The Wisconsin legislature is currently considering adopting a concealed handgun licensing law, similar to the laws in 38 other states. The legislature is acting in part because the Wisconsin Supreme Court (as I detailed in an Albany Law Review article) ruled that Wisconsin’s statutory ban on concealed carry violates the state constitution’s right to arms clause. The court urged the legislature to consider statutory reform.
Opposed to reform is Rev. Sue Moline Larson, who is director of the Lutheran Office
for Public Policy in Wisconsin. On a November 13, The Capital Times & Wisconsin State Journal published her op-ed “Most women here don’t want it: Neither would Martin Luther.”
It seemed astonishing for Rev. Larson to claim to know Luther’s opinion on a bill written more than four centuries after his death. Most of Rev. Larson’s op-ed was a recitation of the typical bogus statistics propounded by the gun prohibition lobby. Regarding Luther, her argument Luther was:
“Martin Luther recognized that every person is both saintly and sinful, capable of the most exalted acts of goodness and the most depraved despotic acts of criminality. Good people may have more disciplined control of their impulses, but good people can drink too much and become threatening and belligerent, fall into depression and lash out in anger and despair, or have frightening experiences that trigger hasty and harmful behaviors.
…
The Evangelical Lutheran Church in American [sic] is guided by a vision in which people are free from violence, justice is done and the common good is realized.”
Whatever may be said about Rev. Larson’s “vision in which people are free from violence,” it quite plainly is not the vision that Martin Luther articulated.
In Luther’s lengthly commentary The Sermon on the Mount (written in 1530, and published 1532), Luther argued that an individual Christian was forbidden to defend himself. A Christian could not defend himself with a sword, and he could not even defend himself by going to court.

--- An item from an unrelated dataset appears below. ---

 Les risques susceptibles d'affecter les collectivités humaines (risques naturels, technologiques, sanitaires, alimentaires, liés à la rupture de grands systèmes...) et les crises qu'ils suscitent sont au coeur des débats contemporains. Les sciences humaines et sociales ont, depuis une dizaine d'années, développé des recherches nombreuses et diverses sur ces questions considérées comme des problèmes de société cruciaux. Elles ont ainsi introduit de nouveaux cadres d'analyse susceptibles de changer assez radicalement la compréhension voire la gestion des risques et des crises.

In contrast to the Christian as individual, wrote Luther, there was the “Christian-in-relation” who had an “obligation” to “some other person, whether under him or over him or even alongside him, like a lord or a lady, a wife or children or neighbors, whom he is obliged, if possible, to defend, guard, and protect.” For the Christian-in-relation, it was “ridiculous” to say “turn the other cheek”—like “the crazy saint who let lice nibble at him and refused to kill any of them on account of this text, maintaining that he had to suffer and could not resist evil.”

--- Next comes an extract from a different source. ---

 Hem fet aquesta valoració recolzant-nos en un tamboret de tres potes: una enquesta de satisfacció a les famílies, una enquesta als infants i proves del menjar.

A superior’s duty to the people under him or her came from “the imperial or the territorial law.” Only a “crazy mother” would not defend her child from a dog or a wolf. Christ “did not abrogate this duty, but rather confirmed it.”

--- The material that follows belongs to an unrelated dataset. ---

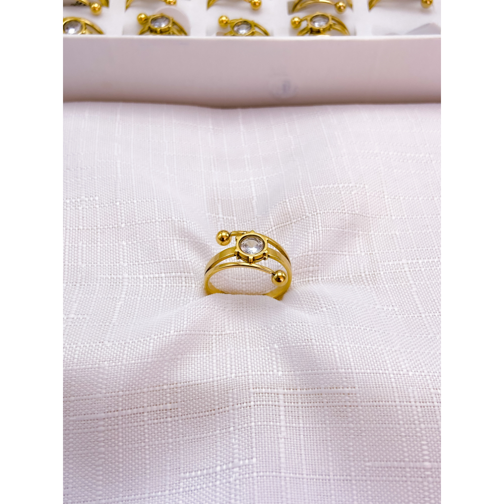 ANEL  AÇO INOXIDÁVEL PEDRA CRISTAL CRAVEJADO - DOURADO (UNIDADE)

“Similarly, if a pious citizen sees violence and harm being done to his neighbor, he should help to defend and protect him. This is secular business, all of which Christ has not forbidden but confirmed.”
In short, Luther did not imagine, at least in earthly world before the end of time, some utopia free of violence. To the contrary, he recognized that violence (from wolves and from human predators) existed, and he insisted that good Christians had a duty to use force to defend their neighbors against such violence.
Because of Luther’s realistic understanding of human nature, he was also an advocate of the well-established Christian tradition of Just War. Directly rebutting pacifists, Luther wrote “Whether Soldiers, Too, Can Be Saved” in 1526, and answered in the affirmitive:
“But what are you going to do about the fact that people will not keep the peace, but rob, steal, kill, outrage women and children, and take away property and honor? The small lack of peace called war or the sword must set to limit, to this universal, worldwide lack of peace which would destroy everyone.”
Much more reluctantly, Luther eventually endorsed the right of revolution against tyranny, in extreme circumstances. In the 1531 “Warning to His Dear German People,” Luther encouraged armed resistance to the Holy Roman Emperor, who was attempting to extinguish the Reformation by armed force::
“…when the murderers and bloodhounds wish to wage war and murder, it is in truth no insurrection to rise against them and defend oneself….Likewise, I do not want to leave the conscience of the people burdened by the concern and worry that their self-defense might be rebellious….
…self-defense against the blood-hounds cannot be rebellious.”
It’s an interesting question whether Luther’s writings on resistance in 1531–which presumed that the right of self-defense was obvious–represented a step away from his 1530 text denying that Christians could defend themselves. But what is indisputable about Luther is his belief that good Christians sometimes had an affirmtive duty to use violence–in defense of others, in just wars, and in resistance to tyranny. It is preposterous for the Religious Left of the 21st century to tell people that Luther would have been against a law which allows people, under a detailed regulatory system, to carry arms for the defense of their families and other innocent people, when attacked by animals or by criminals.